People living in Blackpool, Fylde and Wyre have been urged to look after their mental health during the national lockdown.
The past nine months have been difficult and there are many who have struggled with poor mental health due to the changes they have had to face.
Dr Andy Knox, Lancashire GP and a director of population health in the NHS, said: “We are living in tough times together right now and I know many of us are struggling, so it’s important to look after our mental health during the weeks and months ahead.”
To help with maintaining good mental health during the lockdown, Dr Knox explains seven basic tips that, by following each day, you can use to improve your mental health:
A – Ask for help
“If you are struggling with your mental health right now, if you have found yourself in a really low place and you can’t get out of it, if you are having any thoughts of ending your own life or hurting yourself or other people in some way, then ask for help.
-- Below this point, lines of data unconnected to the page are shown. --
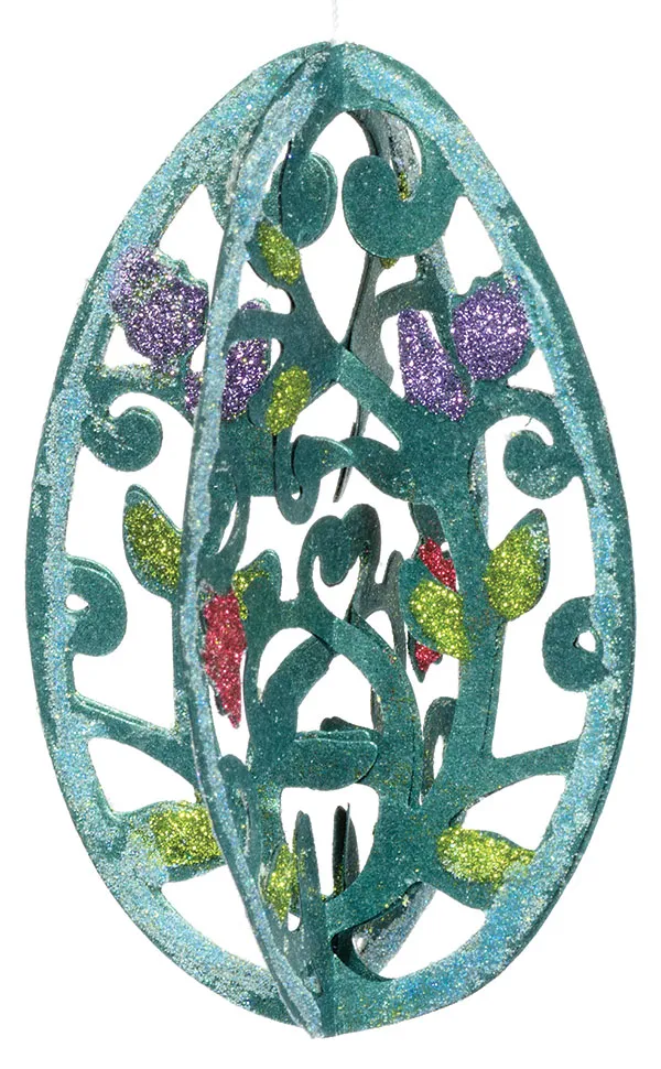 On one egg, place Dazzles™ as shown. On the other egg, choose random areas to apply glue, then glitter. Only do one color of glitter at a time. Place glue on 1-3 leaves on one half, then pour glitter. Then go to the next half, and place glue, and pour glitter. Keep repeating this all around the egg. Then start with the next color and do the same thing.
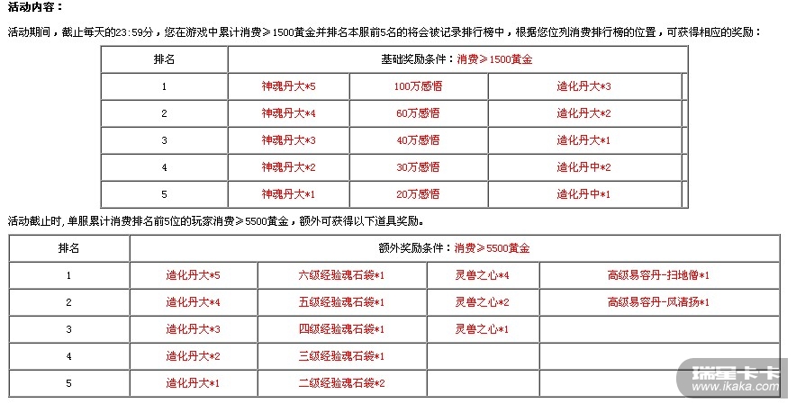 活动六:单服消费积分排行 活动时间: 2013年4月15日活动更新后-2013年4月16日23:59 活动内容: 活动期间,截止每天的23:59分,您在游戏中累计消费≥1500黄金并排名本服前5名的将会被记录排行榜中,根据您位列消费排行榜的位置,可获得相应的奖励:
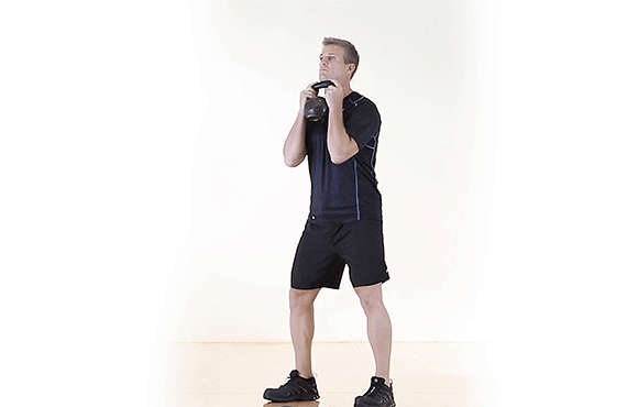 Встаньте, поставив ноги на ширине плеч и слегка вывернув наружу носки ног. Держите гирю двумя руками, согнув их в локтях. Вверх гири прижат к подбородку. Выполните стандартный присед, один повтор за другим. Сосредоточьтесь на поддержании спины прямой и не позволяйте коленям выдвигаться дальше носков ног на протяжении всего упражнения.

“There is no judgment from us working in the NHS. Loads of us will struggle with our mental health at different times and more of us right now. Pick up the phone – your GP is there for you – we will wrap care around you, whether that’s through counselling services or different therapies or medication, whatever you need to help you get better or be able to stay level, we will be with you and walk through this time with you, so ask for help.
B – Breathe
“When we are anxious or stressed or worried, often our breathing rate increases and that can make things worse, so deliberately slowing your breathing down where you’re feeling anxious or worried can really help.
“The Royal Marines use a technique called ‘Box Breathing’ and we really recommend it. Breathe in slowly for four seconds, hold your breath in for four, then breathe out for four and hold your breath out for four. It changes the pattern of gases in your blood, which helps naturally calm you down.
C – Connect
“We’re going to really need each other more through this time and yet we’re socially distanced so we can’t be physically together. Pick up the phone, use Zoom or FaceTime or MS Teams or whatever you’re using and make sure you connect with people that you know and that you love.
“Also, watch out for people who might be isolated or lonely on your street and connect with them. Conversation is so good at helping improve our mental health.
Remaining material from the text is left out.